Posted on 03/22/2022 by wames

Evaluation of a training programme to enable MSK physiotherapists to identify individuals with CFS symptoms post-COVID19, by J Breach, O Ledbetter, L Mould in Physiotherapy Vol 114, Suppl 1, p e178, Feb 1, 2022 [Part of special issue: Virtual Physiotherapy UK 2021 Conference]

 

Abstract:

Purpose

It is reported there are currently 1.1 million people suffering from long COVID symptoms, with 830,000 of these reporting that has an impact on their day to day life. One of the primary symptoms reported is fatigue. As part of our COVID rehabilitation programme, Nuffield Health physiotherapists were involved in triaging participants for suitability for the programme.

As previous research from the ME/CFS population indicates that exercise could be detrimental to individuals with fatigue by inducing post-exertional malaise, it was imperative they felt confident in being able to identify individuals with CFS-type symptoms to assess their suitability for the programme.

The aim of this project is to evaluate the effectiveness of the training programme in improving individual confidence in being able to identify individuals with chronic fatigue symptoms.

Methods

The training was devised following an extensive review of the current literature surrounding fatigue in both LongCovid and ME/CFS and delivered via a blended offering of online modules, webinars, interactive virtual classrooms, and discussion groups. It included being able to recognise signs of post viral fatigue, especially PEM as well as other symptoms such as cognitive issues, sleep disturbance and reduced functional capacity as detailed in the NICE draft guidelines for ME/CFS 2021.

The importance of this was emphasised by discussing evidence surrounding exercise and chronic fatigue and potential for harm if not managed appropriately by considering the symptom response to activity.

An Introduction to energy envelope theory for pacing was also presented. The effectiveness of the training was evaluated by an anonymised survey. Physiotherapists were asked to rate their levels of confidence before and after the training in regard to assessing participants for inclusion in the programme based on their fatigue symptoms, plus to provide comments on the training content.

Results

  • Average confidence 8/10
  • Improvement of 56% after training

Feedback

Positive: I felt confident to exclude all with CFS…

I think it is a case of getting on with it putting it into practice

Negative: I feel that as msk physios this is beyond the scope of what we should be doing…

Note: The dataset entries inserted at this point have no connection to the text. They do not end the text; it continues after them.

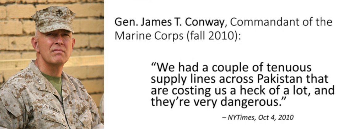 James Conway, le chef du corps des Marines, a dit la même chose. La situation de nos forces était compliquée. Pourquoi ? Il suffit de regarder une carte et d’étudier la géographie du terrain, notamment le relief ! On avait quelques lignes d’approvisionnement précaires passant à travers le Pakistan, qui nous coûtaient très cher en termes de pertes humaines et qui étaient très dangereuses. Vous croyez que les Pakistanais coopéraient avec nous ? Pas du tout, leur objectif était l’opposé du nôtre. Leur priorité était de garder l’Inde hors de l’Afghanistan. Ils encourageaient donc les gens qui combattaient nos troupes en Afghanistan. On prétend que nos généraux ne le savaient pas, eh bien, je laisse à votre imagination le soin de dire si c’est vrai ou pas...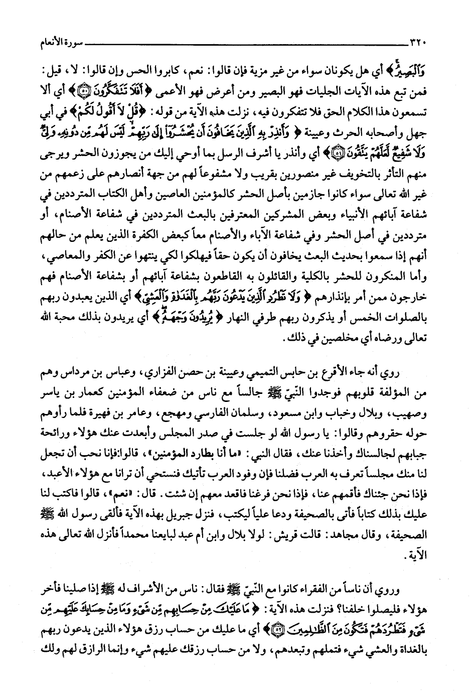 وروي أن ناسا من الفقراء كانوا مع النّبيّ صلّى الله عليه وسلّم فقال: ناس من الأشراف له صلّى الله عليه وسلّم إذا صلينا فأخر هؤلاء فليصلوا خلفنا؟ فنزلت هذه الآية: ما عَلَيْكَ مِنْ حِسابِهِمْ مِنْ شَيْءٍ وَما مِنْ حِسابِكَ عَلَيْهِمْ مِنْ شَيْءٍ فَتَطْرُدَهُمْ فَتَكُونَ مِنَ الظَّالِمِينَ (52) أي ما عليك من حساب رزق هؤلاء الذين يدعون ربهم بالغداة والعشي شيء فتملهم وتبعدهم، ولا من حساب رزقك عليهم شيء وإنما الرازق لهم ولك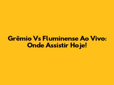 Grêmio Vs Fluminense Ao Vivo: Onde Assistir Hoje!
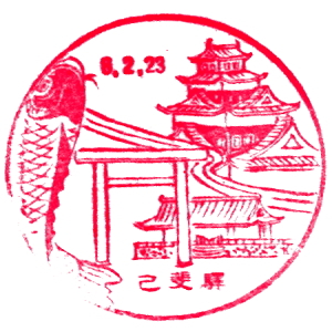 蔵王帖の解説を紹介しよう。 右片ノ城跡ハ広島城(鯉城トモイウ)其ノ前面ヲ流ルルハ太田川。 鳥居ノ傍ニアルハ日比谷公園ノ御便殿(日露ノ役明治大帝大本営)。 左方ノ鯉ハ昔鯉ト云ヒタリシテ今己斐ト云フヲ調セルモノ |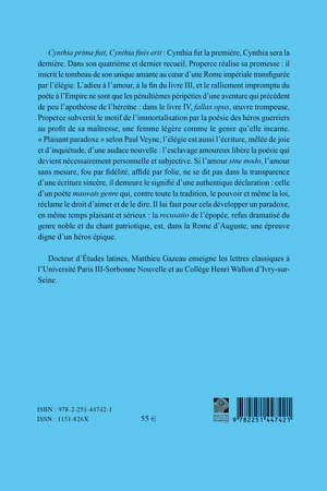 Cynthia prima fuit, Cynthia finis erit Cynthia fut la premiere, Cynthia sera la derniere. Dans son quatrieme et dernier recueil, Properce realise sa promesse: il inscrit le tombeau de son unique amante au coeur d'une Rome imperiale transfiguree par l'elegie. L'adieu a l'amour, a la fin du livre III, et le ralliement impromptu du poete a l'Empire ne sont que les penultiemes peripeties d'une aventure qui precedent de peu l'apotheose de l'heroine: dans le livre IV, fallax opus, oeuvre trompeuse, Properce subvertit le motif de l'immortalisation par la poesie des heros guerriers au profit de sa maitresse, une femme legere comme le genre qu'elle incarne. Plaisant paradoxe selon Paul Veyne, l'elegie est aussi l'ecriture, melee de joie et d'inquietude, d'une audace nouvelle: l'esclavage amoureux libere la poesie qui devient necessairement personnelle et subjective. Si l'amour sine modo, l'amour sans mesure, fou par fidelite, affide par folie, ne se dit pas dans la transparence d'une ecriture sincere, il demeure le signifie d'une authentique declaration: celle d'un poete mauvais genre qui, contre toute la tradition, le pouvoir et meme la loi, reclame le droit d'aimer et de le dire. Il lui faut pour cela developper un paradoxe, en meme temps plaisant et serieux: la recusatio de l'epopee, refus dramatise du genre noble et du chant patriotique, est, dans la Rome d'Auguste, une epreuve digne d'un heros epique.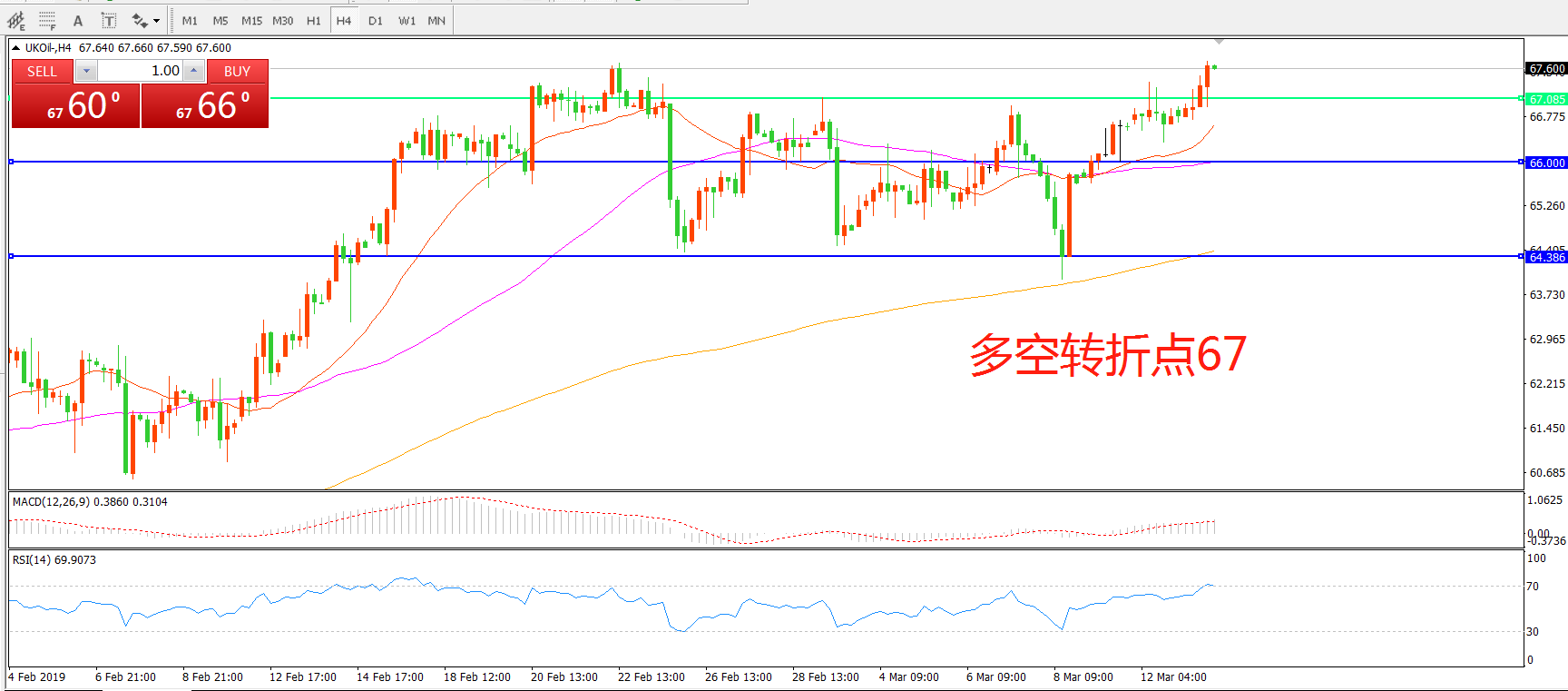 4小时图看,油价触及200周期均线附近连续反弹,昨日强势突破前期阻力67一线阻力,短期走势偏强,均线系统呈多头排列,MACD红柱增加,RSI指标向上,日内震荡上行概率较大

As MSK physios we are not experts in many of the fields listed. i.e., CFS

Conclusion(s)

The training did result in good improvement in confidence in screening for CFS symptoms. However, the feedback did include some individuals feeling this is beyond their current scope of practice as msk physios, highlighting a need for ongoing support. This is understandable due to the evolving picture of Long Covid symptoms being different to the usual caseload of msk physiotherapists. However, to meet the growing need of rehabilitation for those suffering with Long Covid, it is imperative to support therapists in expanding their scope of practice to contribute to the recovery from the pandemic.

Impact

The findings will influence the ongoing support given to MSK physiotherapists to upskill in the area of chronic fatigue assessment and management to meet the demand Long Covid will be placing on rehabilitation. This is imperative to support individual therapists to expand their scope of practice beyond the usual MSK caseload.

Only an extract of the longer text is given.